Hans heard sniggering behind his back and guessed what was coming. He took another bite of schnitzel, read another paragraph about the Battle of Issus, then clenched his biceps, pectoral and abdominal muscles for five seconds each. He knew he would never be as big as Karl, but he could still be the toughest possible version of himself. His ambition was to be top of his class and strong enough to beat up Jens Arnstein by the time school ended next summer. They were reading Nietzsche’s Götzen-Dämmerung in philosophy – ‘What does not kill me makes me stronger’ – and Hans had decided to make this his motto.
‘Hey, Rinderhack!’ Hans heard footsteps on the tile floor and in the corner of his eye saw Mauser reaching a hand towards his face. The fingers drew slowly nearer then pulled away just before touching the puckered, molten tissue of Hans’s scar. ‘Ek-el-haft!’ Mauser shouted, pretending to vomit. Hans tensed his stomach muscles but said nothing: he didn’t need anyone else to tell him that his face was disgusting.
‘Go on, Maus!’ said another voice. ‘I’ll give you twenty pfennigs if you do it!’ Mauser grinned and reached out again. Hans tensed his chest muscles and gripped his cutlery. As the boy’s fingertips touched his face, Hans stabbed at the air with his fork and yelled, ‘Get off me!’
Oooooh, said the table behind.
Mauser stared at his hand. ‘You stabbed me!’ he shrieked.
‘He didn’t even touch you,’ said a girl’s voice witheringly. ‘And you’re the disgusting one.’ Hans looked up as Sophie sat next to him.
The boy muttered something about leaving the freaks alone so they could have sex. Sophie glanced up and said: ‘Yes, please go away.’ She smiled at Hans and he started to smile back before remembering what he looked like when he did that.
October
Max
He rang the doorbell and Paula answered it. She took his hand and led him into the brightly lit living room. Everything looked brand new and the air smelled of furniture polish. Paula removed her shoes and arranged them neatly against the wall. Max copied her. ‘Max, my parents,’ she said, gesturing at the man and woman sitting on a leather sofa at the other end of the room. Between them lay an expanse of freshly raked carpet. Max trod on it as lightly as he could but still left footprints behind, as in snow. The man stood up and thrust out his hand. ‘Dieter Weiss!’ he barked. ‘And this is my wife, Emma.’ Herr and Frau Weiss, Max noticed, looked much younger than his own parents. There were no bags under their eyes, no furrows on their foreheads, as if life had left less of an imprint on them. Or as if they’d just been raked. ‘Please take a seat,’ said Herr Weiss. ‘So, Paula tells me that you wish to be her boyfriend?’

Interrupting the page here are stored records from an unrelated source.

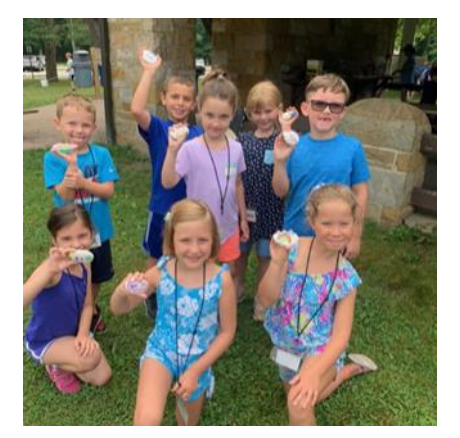
Green VBS Sows Seeds

MONTHLY NEWSLETTER OF BRECKSVILLE UNITED METHODIST CHURCH
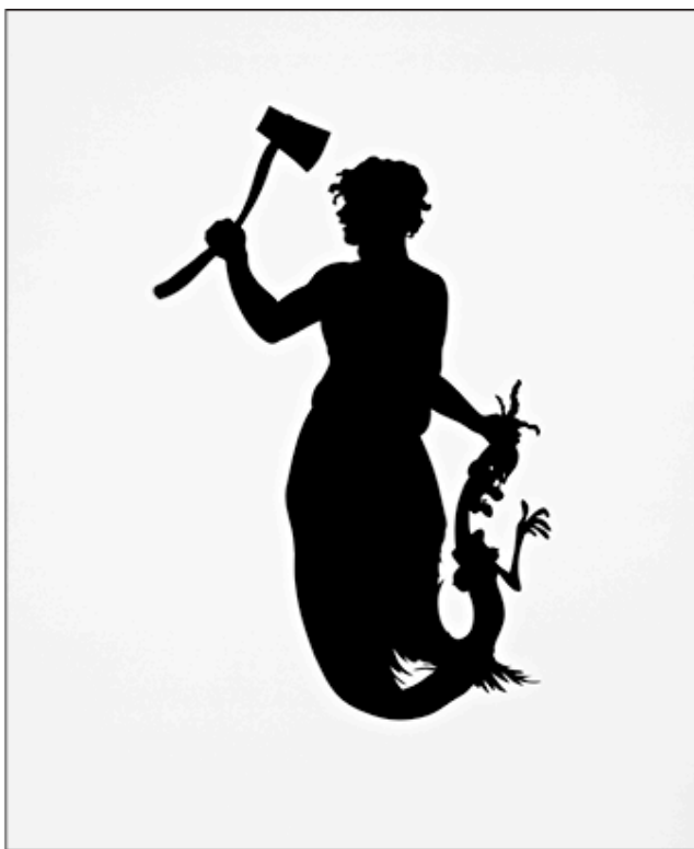
Kara Walker, "Bureau of Refugees: March - Bradley killed freedwoman with an axe in Montgy," 2007

Volume 2, Number 6 | The Weekly Newspaper of Chelsea | November 9 - 15, 2007
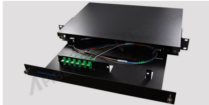
1U High Rack Mount Distribution Center
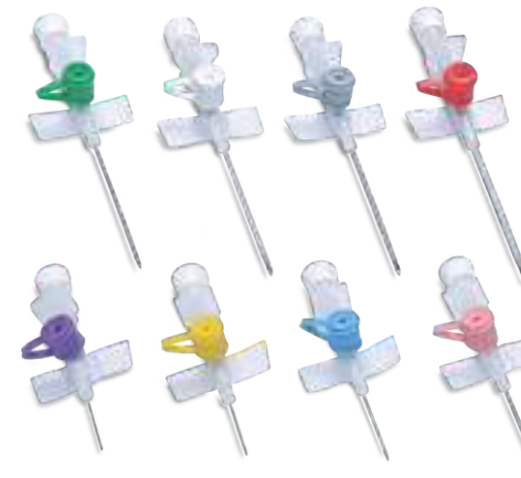
With Port & With Wings

Max nodded uncertainly. In fact he’d never expressed a firm opinion on the matter – everyone else just seemed to take it for granted that this was what he wanted – but he had a feeling it wouldn’t help to point this out. Only four weeks had passed since the start of school but already Max felt trapped in his new role: he was the Maus-slayer, the popular new boy, and now Paula Weiss’s latest beau. Of course this was preferable to being a scarred orphan but all the same it made him a little uncomfortable.
‘Let me warn you, Max: if I ever hear that you have mistreated my daughter, I will make you regret it for the rest of your life.’ This was the kind of thing that Max’s father might say as a joke and he waited a couple of seconds for a burst of laughter, a slap on the shoulder. But Paula’s father continued to stare at him.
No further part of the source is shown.